If only one of either the compound of general formula I, a stain preventive
agent for natural and artificial coloring agents, and the compound of
general formula II is used, the object of the present invention cannot be
accomplished. Therefore, the compounds are dissolved in water after either
mixing or placing in separate treatment baths in advance and either coated
or adsorbed onto polyamide fiber by a method such as immersion, padding,
spraying, or foam coating. In addition, as was previously stated, the
compounds may be respectively applied from different baths.
The compound of general formula I may be of the resol type or novolak type
and can be easily manufactured by, for example, condensing a phenolic
compound such as bisphenol S or phenol with an aldehyde such as
formaldehyde after partially sulfonating in advance. The compounds can be
selected from products commercially available as dyeing fastness promoters
for nylon fiber used to effectively suppress staining caused by natural or
artificial coloring agents in particular. In addition, such compounds are
described in U.S. Pat. No. 4,592,940, Japanese Unexamined Patent
Publication No. 62-257467, and Japanese Unexamined Patent Publication No.

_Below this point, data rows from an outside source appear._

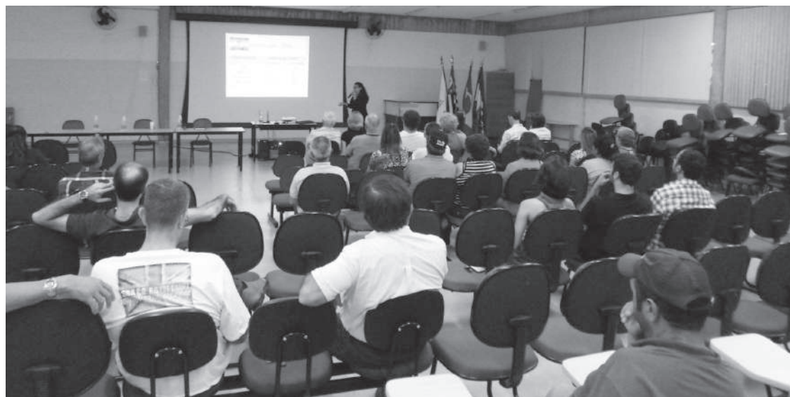
CRÉDITO TEXTO E FOTO: FERNANDO FRANCO AMORIM/COMSEA AVARÉ

Entre outras atribuições, o conselho tem como função principal ser um espaço de articulação entre o governo e a sociedade civil para a formulação das diretrizes e prioridades de construção das políticas públicas e ações na área da segurança alimentar e nutricional da população avareense.
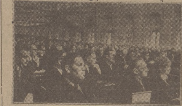
Na zdjęciu: fragment sali. Na pierwszym planie — członkowie delegacji Sejmu PRL.
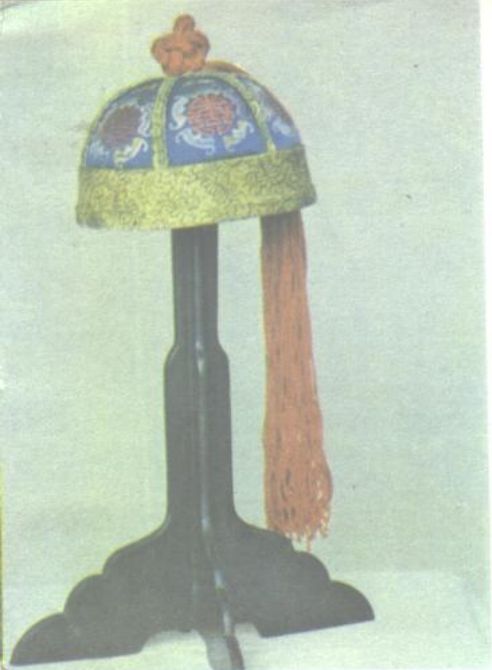
7. 带有“红纓”的男便帽
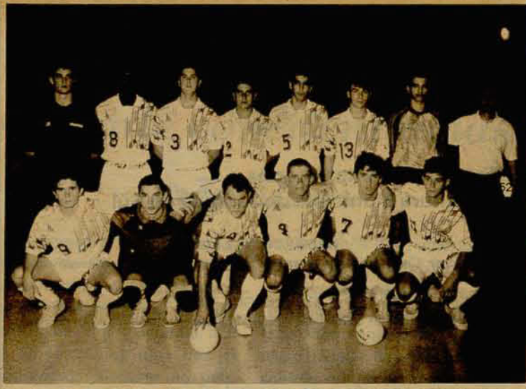
Equipe da ADJ/Malhas Darpe, que jogou ontem com o Palmeiras
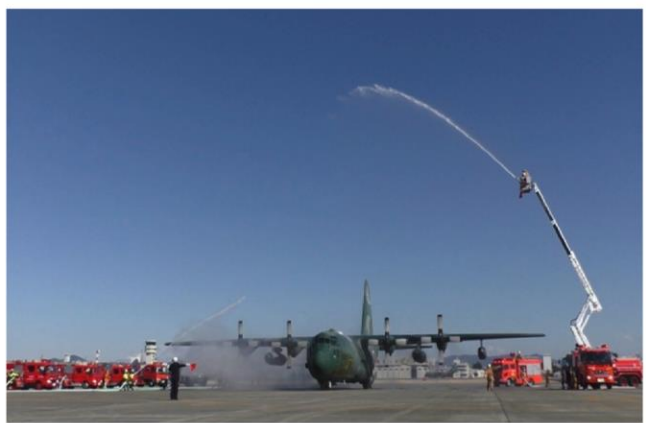
西春日井二市一町合同

62-199877. In addition, commercially available products can be used for
the compound of general formula II, and a portion or all of their carboxyl
groups or phosphonic acid groups may be substituted by alkali metals such
as sodium or potassium.
It is desirable that the compound of general formula I be applied in the
polyamide fiber over a range of 0.05-5%, and preferably 0.1-2%, with
respect to the weight of the fiber. In addition, it is desirable that the
compound of general formula II be applied in the polyamide fiber over a
range of 0.1-10%, and preferably 1-5%, with respect to the weight of the
fiber.
It is effective to combine the use of a pH regulator, such as acetic acid,
formic acid, or sulfamic acid and an inorganic compound such as magnesium
sulfate, magnesium chloride, or calcium chloride, which promotes
adsorption by the compound of general formula I and the compound of
general formula II, with the compound of general formula I and the
compound of general formula II in the treatment bath.

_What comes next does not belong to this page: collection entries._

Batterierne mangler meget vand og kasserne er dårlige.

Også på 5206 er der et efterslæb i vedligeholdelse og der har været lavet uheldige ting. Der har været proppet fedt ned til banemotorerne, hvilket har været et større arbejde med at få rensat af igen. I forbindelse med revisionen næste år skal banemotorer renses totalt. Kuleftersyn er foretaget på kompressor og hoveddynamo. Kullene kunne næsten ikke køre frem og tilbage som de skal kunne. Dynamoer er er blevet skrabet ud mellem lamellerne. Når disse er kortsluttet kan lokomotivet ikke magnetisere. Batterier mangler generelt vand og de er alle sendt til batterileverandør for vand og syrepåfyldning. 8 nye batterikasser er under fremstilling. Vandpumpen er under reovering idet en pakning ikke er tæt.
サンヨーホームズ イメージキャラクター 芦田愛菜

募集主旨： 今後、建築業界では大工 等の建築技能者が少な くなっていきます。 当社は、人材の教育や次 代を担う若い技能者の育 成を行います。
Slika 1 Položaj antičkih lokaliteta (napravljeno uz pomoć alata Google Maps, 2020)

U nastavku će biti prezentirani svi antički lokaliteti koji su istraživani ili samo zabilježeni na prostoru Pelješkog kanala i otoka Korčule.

Polyamide fiber materials are treated in the above-mentioned treatment bath
either after scouring or after dyeing using a method such as immersion,
padding, spraying, or foam coating and are fixed by steaming. Although the
material should then be typically post-treated by treatment in a manner
similar to the above-mentioned process using a fluorine-based water
repellent followed by drying and heat setting, the present invention is
still able to demonstrate remarkable effects related to stain prevention
against coloring pigment even without this post-treatment.
The present invention will further be illustrated by the following
examples.
SYNTHESIS EXAMPLE 1
170 g of 99.9% purity bisphenol S (Nikka Chemical), 150 g of sodium
phenolsulfonate (first class grade chemical), 27 g of 48% industrial
sodium hydroxide, and 270 g of water were placed in a glass autoclave for
reaction followed by nitrogen purging. Next, the temperature was raised to
80.degree. C. and the autoclave was sealed after addition of 65 g of 37%
industrial formalin. The temperature was raised to 130.degree. C. in about
60 minutes and condensation was performed at this temperature for 5 hours.
After cooling, 370 g of water were added followed by uniform mixing to
form the finished product.
SYNTHESIS EXAMPLE 2
230 g of 99.9% purity bisphenol S (Nikka Chemical), 35 g of 48% industrial
sodium hydroxide, and 200 g of water were placed in a glass four-neck
flask for reaction followed by nitrogen purging. Next, the temperature was
raised to 80.degree. C. followed by the addition of 70 g of 37% industrial
formalin. The temperature was then raised to 100.degree. C. in about 20
minutes in the presence of nitrogen gas after which condensation was
performed at this temperature for 4 hours. After cooling to 70.degree. C.,
140 g of sodium hydroxymethanesulfonate were added followed by mixing to
create a uniform mixture. After adding 45 g of 48% sodium hydroxide, the
temperature was raised to 100.degree. C. in 30 minutes at which
temperature the mixture was allowed to react for 20 minutes. The
temperature was then raised to 70.degree.-80.degree. C. followed by the
addition of 250 g of water and uniform mixing to obtain the finished
product.
SYNTHESIS EXAMPLE 3
240 g of 99.9% purity bisphenol S (Nikka Chemical) were placed in a glass
four-neck flask for reaction. Next, 100 g of 97% industrial sulfuric acid
were added followed by sulfation for 10 hours at 110.degree. C. After
raising the temperature to 80.degree. C., 100 g of water and 90 g of 37%
formalin were added followed by condensation for 5 hours at 100.degree. C.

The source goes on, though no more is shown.